Beno nodded. “I want to talk to the survivors, see if they heard anything, or if they know about any portions of the experiments that she didn’t write down. It’s possible we don’t have all of her notes.”
“I thought you downloaded everything,” Sera said.
“I tried. I’m not perfect.”
She smirked again. “Lies. All lies.”
He gave an exasperated sigh, but it was clear that he was amused under it all. He stood up. “Theyn, would you like to come with me?”
“Yeah, you should,” she told them. “You can keep Beno from scaring the poor guys half to death. At least if you’re there as his chaperone, they won’t think that he’s coming to kill them when he marches into their hospital rooms.”
“They wouldn’t,” Beno protested.
Theyn shrugged. “You do get pretty intense.”
“Fine.” He looked at Sera with a sour expression, but he winked at her and ruined it. “Let’s go.”
“Good luck,” she told them as they left, data pads in hand. “Let me know what you find out.”
They smiled at her, and Theyn nodded. “We will.”
Chapter Nine
Theyn and Beno entered the medical center, their shoulders nearly touching as they stepped into the lobby. One of the orderlies approached them immediately, a guarded look on her face, her golden hybrid eyes narrowed.
“Can I help you?”
Theyn smiled, doing his best to be charming. “We’d like to speak to one of the Itzelan men.”
“Which one?”
“Any of them. All of them.” Beno fixed her with his steady gaze. “We have questions for them.”
The orderly hesitated. “Just a moment.”
Beno told his bond mate, ‘They’re not going to let us see them.’
‘You don’t know that. Just be patient.’
‘I don’t trust them.’
Theyn smiled. ‘Do you trust anyone?’
‘Only you and Sera.’
‘I’m glad I made the list. I feel so honored.’
Beno scowled. ‘Asshole.’
Theyn laughed quietly as the orderly returned, this time with a white-coated human in tow. The man extended his hand toward Theyn. “I’m Dr. Winston. I understand you want to question my patients.”

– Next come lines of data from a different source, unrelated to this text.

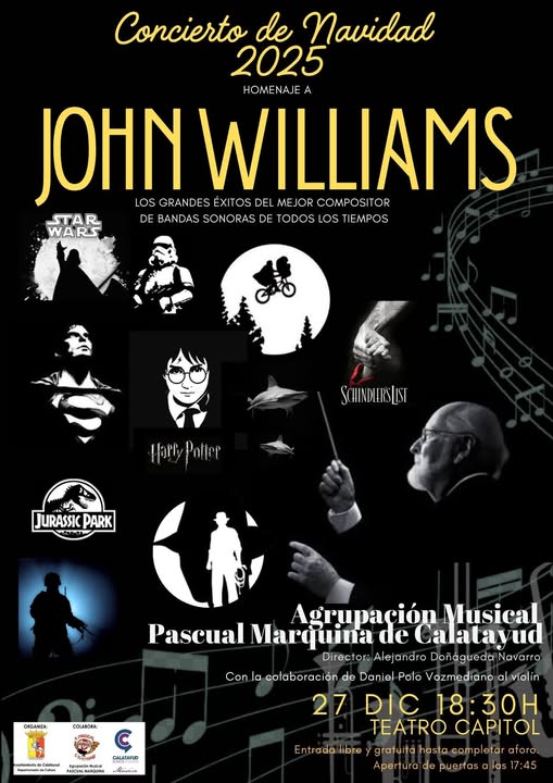 Ya tenemos cartel para nuestro próximo concierto de Navidad. Será el sábado 27 de diciembre a las 18:30 en el Teatro Capitol de Calatayud. Este año rendiremos a uno de los compositores de bandas sonoras mas grande de todos los tiempos, JOHN WILLIAMS. Melodías de Star Wars, Indiana Jones, Superman, Harry Potter, E.T., Parque Jurásico….. y muchas mas que harán que pasemos una tarde de película. No os lo podéis perder.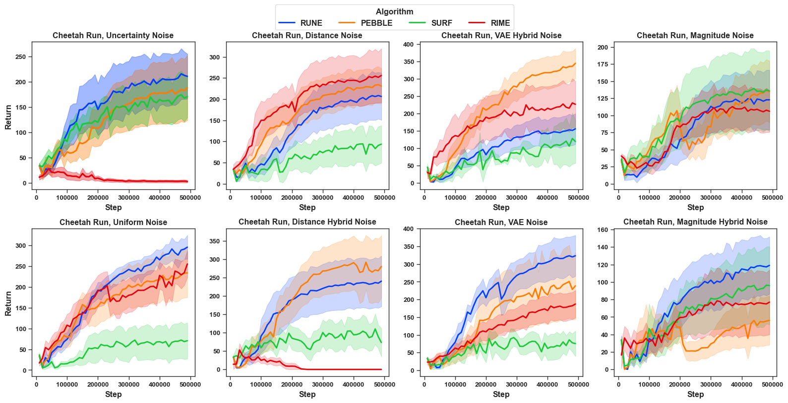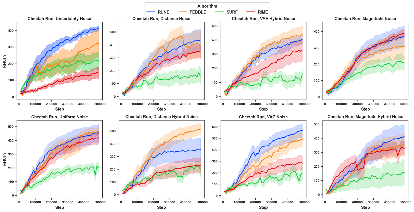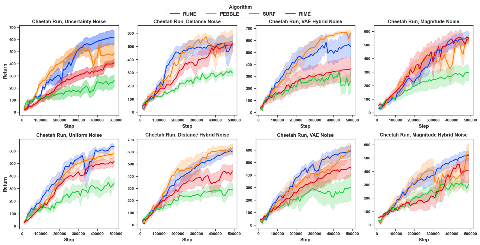 While RIMEĀ is one state-of-the-art de-noising PbRL algorithm, we also benchmarked the learning performance of other PbRL algorithms that do not explicitly handle noisy preference, including PEBBLEĀ , SURFĀ and RUNEĀ . The results are shown in FigureĀ 11, FigureĀ 12 and FigureĀ 13 respectively. The corresponding final episodic return are shown in TableĀ [tab: episodic_return_all_noise_pebble], TableĀ [tab: episodic_return_all_noise_rune], TableĀ [tab: episodic_return_all_noise_surf]. Across methods, we observe a similar qualitative pattern to RIME: different noise types induce markedly different levels of difficulty. For example, under RUNE, uncertainty noise and magnitude-hybrid noise are generally more challenging as compared uniform noise. However, these trends these trends do not hold consistently across all algorithms and vary with the underlying algorithm. In PEBBLE, uncertainty noise sometimes leads to substantially lower return (more influence on algorithm) than uniform noise usually for higher scales of noise like 30% and 40% noise, but in other cases the ordering reverses. Still, magnitude-hybrid noise is consistently harder than uniform noise for PEBBLE (91% cases in our experiments across domains and scales of noise). For the remaining noise types, performance differences are often irregular and non-monotonic, suggesting that algorithms without explicit denoising mechanisms can be fragile under noisy preference supervision induced by FDN.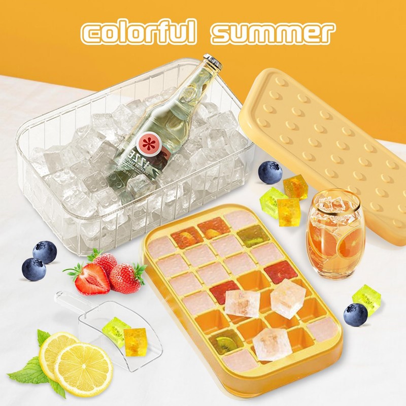 Silicone Ice Cube Tray with Stackable Bin and Scoop - Easy Release Ice Cube Trays for Freezer, Large Capacity, Quick Freezing, Dishwasher Safe - Perfect for Home & Kitchen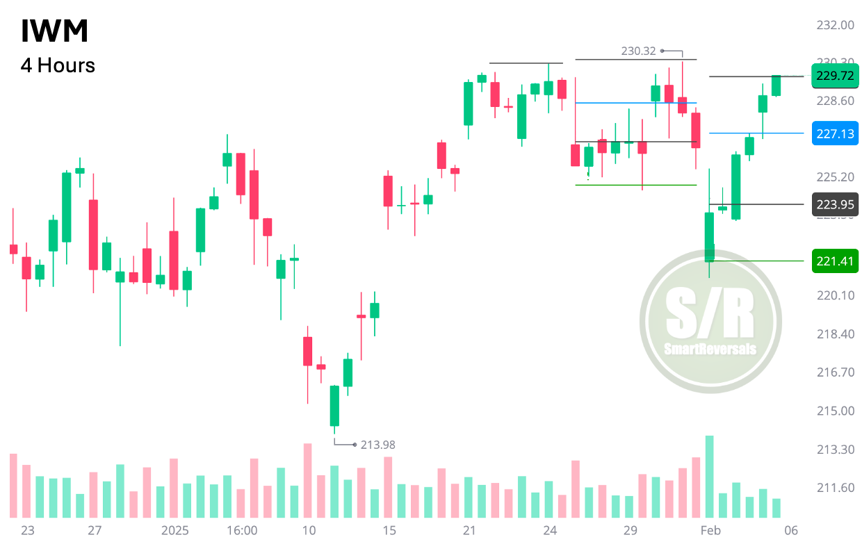 Since the latest price action shows conviction, risk management continues around $227.3 for longs, and the candles are suggesting $232.8 is the next level on sight. That would be possible only if the market is not impacted negatively by AMZN. Yes, that is not a small cap, but IWM usually suffers the moves of the big indices.

The blond Ylian accepted the handshake. Beno looked at their clasped hands with open suspicion. “Yes. It’s not as serious as all that. I just need to understand what they suffered.”
Winston crossed his arms. “I would prefer that you leave them alone. The gentlemen who are still in this facility are in a fragile state, both physically and emotionally, and your questions may do them harm.”
“The last thing we want to do is cause anyone harm, or even discomfort,” the royal Ylian quickly assured him. Through their pair bond, he could feel Beno’s mind opening, reaching out. Telepathy could be a useful way to eavesdrop. “Are there any males who are no longer under your care that we could speak with?”
The doctor frowned, his mouth pressing into a thin, hard line. “Well… yes. There’s the man called Itan. He’s housed in the southwest wing, room eight.”
Beno smiled, offering an unusually friendly expression to the surly human. “Thank you, Dr. Winston. Your assistance is most appreciated.”
They turned in unison to walk out of the medical center. Theyn asked Beno, ‘All right, telepath. What did you read?’
‘He’s lying, of course. He doesn’t want us to talk to them at all, and he was prepared to send us to this Itan. He was waiting for us, and Itan will be, too.’
Theyn nodded as he held the door for his bond mate. ‘As you suspected he would be. Then there is some sort of conspiracy, and Itan is in on whatever is really going on here. He must have been planted among the others in the Men’s Quarters.’
‘Do you really think the Bruthesan conspiracy has extended all the way to this facility?’
‘You’re the one who says he doesn’t trust anybody.’ He let the door close, and they walked on. ‘You tell me.’